Anyone who is familiar with the British Honeysett cartoon characters of the 50s and 60s will relate to my description.
It's like going back 50 years, with beige being the fashionable colour of choice.
Clothes look as if they've been resurrected from charity shops, many of which can be seen in the high street with not-so-cheap price labels.
Many shoppers can be seen wearing grossly miss-matching items of attire, in particular the men.
We're not talking about the snappy fashions that can be seen on London streets, but more the smaller towns and cities throughout the country.
When it comes to up-to-the-minute fashion taste I'm afraid to say that the Brits, compared with - dare I say it - those across the channel, just haven't quite got it.
Anyway, now further north, we've booked into a self-catering cottage in the absolutely lovely village of Richmond. Still in Yorkshire, but much better situated now to explore the dales and moors, headlands, cliffs, town walls, steel mills, coal mines and woollen mills - and of course the countryside of veterinarian/writer James Herriot. It's all here, including the churches and monasteries begging to be explored. Fishing ports of Staithes, Whitby and Robin Hood's Bay about a half-hour drive away. They say that if you want the world's best fish and chips, Whitby is the place to get them, although the ones we got at a motorway layby on leaving Gatwick airport on our first day took a bit of beating.
Talking about airports, no matter how much you prepare yourself, there's always drama that is totally out of your control, like having to stand in a hallway for half an hour prior to boarding because the plane was late.
Why couldn't we have just been asked to stay seated in the departure lounge a little longer?
And the painfully slow lifts that were so slow, you'd be better off carrying your bags up the adjacent stairs.

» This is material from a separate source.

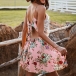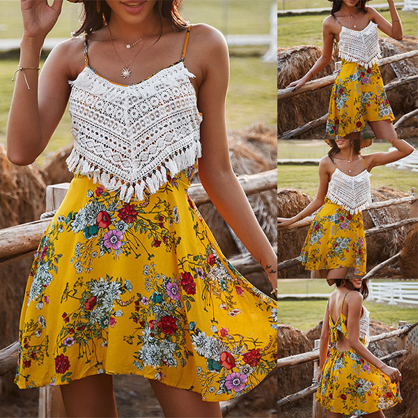 For your beach days and tropical getaways,this bohemian style dress can easily strike your mind. Sling style,with backless,v-neck and tassel spliced details,which make this piece look so alluring and distinctive. And the vibrant floral print details will make it more matching with the beach occasion. On these sunny days,we suggest you adding a sweet straw hat for a more perfect look.

The final straw, however, was when all the coins fell through a hole in the carefully folded plastic money bag with several rolling under a whole stack of baggage trollies, never to be seen again. Any thought of pulling out a few to get in underneath was immediately scotched as they were all chained together requiring a pound coin to separate them.
Holiday transits are hard work and tempers can wear thin after a series of seemingly impossible mishaps.

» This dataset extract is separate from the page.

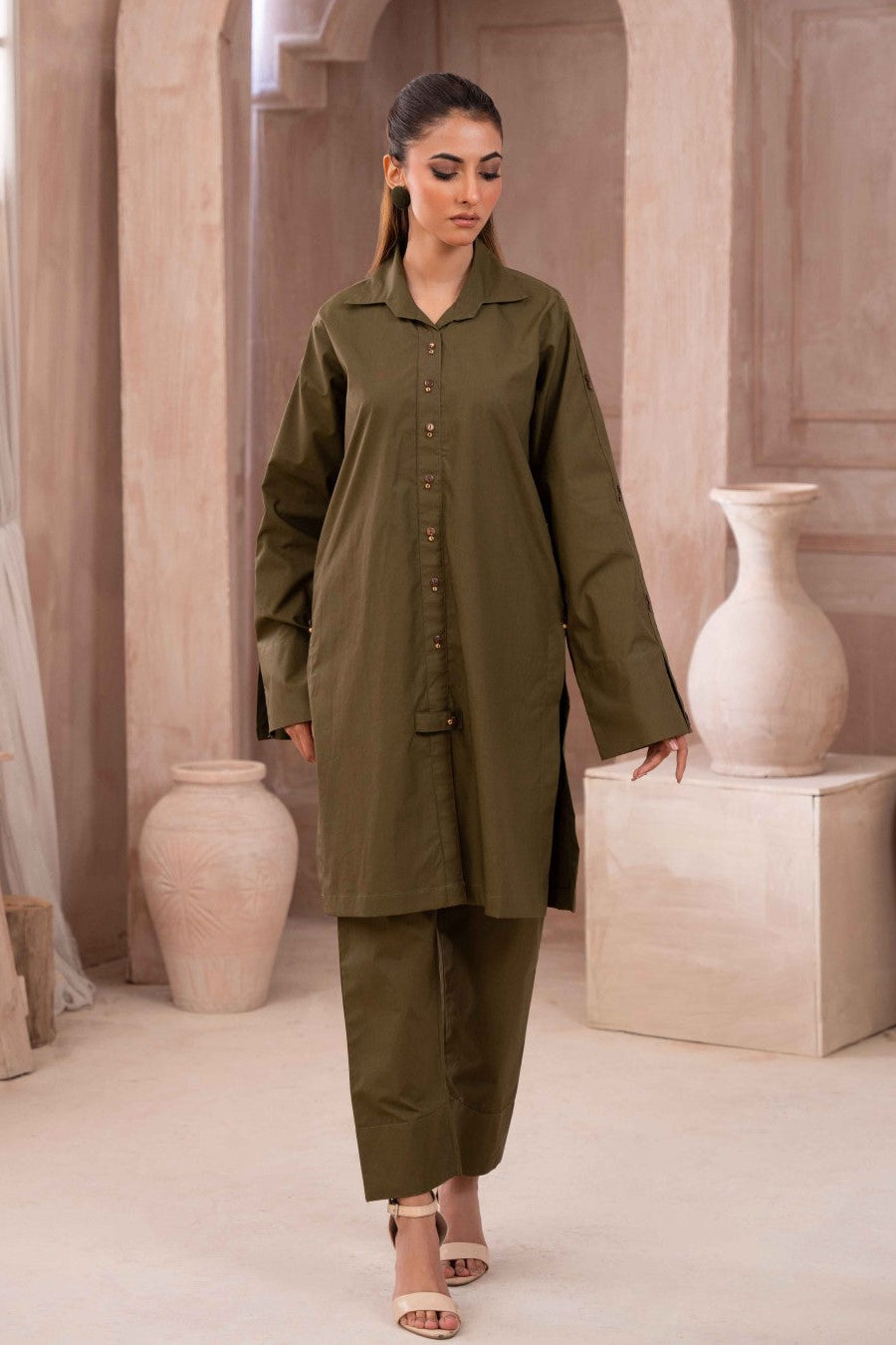 Dyed cotton plain fabric featuring a boxy cut, front open shirt with collar and sleeves. These are embellished with buttons on the front shirt and sleeves. Paired with a matching trouser, Olive aesthetically rich outfit is a great option.

And while on the subject of coins, why oh why do the British and the French find it so hard to let go of their copper coins which are next to worthless and are simply a damned nuisance. After buying 39.99 ($56.94) worth of petrol in France and giving the cashier 40, I was given a one centime coin change which is about the size of a fingernail.

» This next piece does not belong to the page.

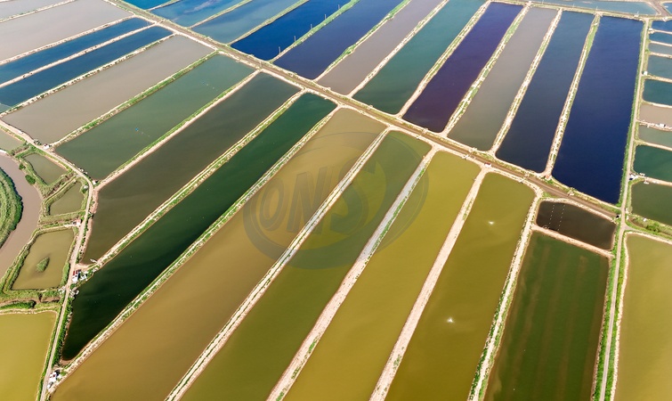 An aerial view of aquacultural ponds built by farmers in the tidal zone in Dingzi Bay in Qingdao in east China's Shandong province Sunday, Aug. 04, 2024., Credit:ZHANG JINGANG / Avalon

On checking the news back home in New Zealand I was surprised to see that Prime Minister John Key's ponytail-pulling incident dominated the headlines. I can tell you that such petty news makes our country look pretty stupid from this part of the world. Tempting as some ponytails may be, no woman deserves to have their hair tugged - certainly not by a stranger, but come on, surely the fuss that's been made over this particular incident shows us how fickle society has become. I can see a change in cafe coming up for the Key family.
-Brian Holden has lived in Rotorua for most of his life and has been writing his weekly column for 11 years.